张三丰静静听着,眼中闪过一丝心疼,但更多的是骄傲。
“你会做好的。”老道的声音异常温和,“为师相信你。你有一颗真正的仁心,这是为君者最难得的品质。但——你如何确保,你的子孙后代,也能一直做好这个皇帝?”
殷梨亭笑了,那笑容里有一种看透世事的洒脱。
“师父,想那么远做什么?”他端起茶盏,一饮而尽,“弟子只能保证,在我的有生之年,尽我所能,施仁政,安百姓。至于子孙后代……若他们贤明,自然能守住这江山;若他们昏庸无能,被百姓推翻,那也是天道循环,弟子求之不得。”
张三丰先是一怔,随即哈哈大笑,笑声在云海间回荡。
“好!好一个‘求之不得’!梨亭啊梨亭,你比师父想的还要通透!”
殷梨亭也笑了,但心中却浮现出更深的思绪。
这些年来,他推行的新政——摊丁入亩,将税赋与土地直接挂钩,减轻无地少地农民的负担,这无疑触动了乡绅地主的利益。但他站在数百年后的视角,知道这是历史证明可行的道路。

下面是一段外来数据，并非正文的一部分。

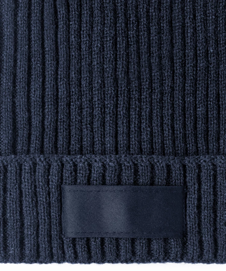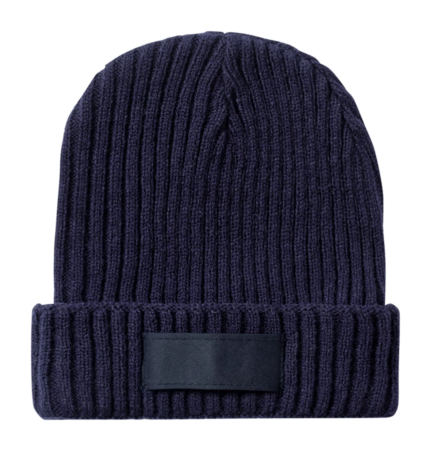 Wintermütze aus Acryl mit bedruckbarem Aufnäher.
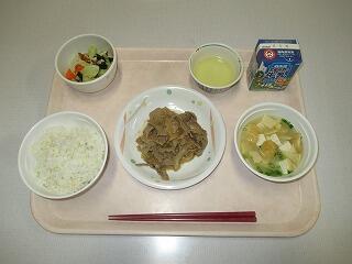 麦ご飯・牛肉のちゃんちゃん炒め・ごぼうサラダ・かき玉汁・牛乳

他大力推行教育,在控制的州县广设学堂,让平民子弟也有读书的机会。他知道,开启民智,才是国家长治久安的根本。
他鼓励工商,统一货币,稳定物价,打通商路。他知道,繁荣的经济才能让百姓真正过上好日子。
他还做了很多——兴修水利,改良农具,推广新作物,建立医馆,整肃吏治……
每一件事,他都竭尽全力。因为他知道,自己能做的,也就是这些了。把能做的做好,剩下的,交给时间,交给人心,交给天道。
“师父,”殷梨亭忽然问道,“您说,武功会失传,王朝会更替,那这世上,究竟什么是永恒不变的?”
张三丰望向天际,那里,朝阳正冲破云层,将万丈金光洒向群山。
“道。”他只说了一个字。
“道?”
“天地运行有其道,日月更替有其道,人心向背亦有其道。”张三丰缓缓道,“武功会失传,但‘强身健体、护己护人’的武道精神不会失传。王朝会灭亡,但‘民为邦本、本固邦宁’的治世之道不会灭亡。只要你做的事,符合这个‘道’,那么即便千百年后无人记得殷梨亭这个名字,你所行的道,也会以某种形式延续下去。”
殷梨亭怔住了。
许久,他起身,向张三丰深深一揖。
“弟子受教了。”
这一刻,他心中的最后一丝迷茫烟消云散。是的,何必在乎武功是否精进?何必担忧王朝能否永续?他只需要做对的事,走正的路。至于结果——尽人事,听天命。
松涛阵阵,晨钟响起。
新的一天开始了。山下的世界还在等待着他——战争、政务、民生、未来……但此刻,在这武当金顶,师徒二人对坐饮茶,云海在脚下翻腾,仿佛整个天下,都在这一盏茶中。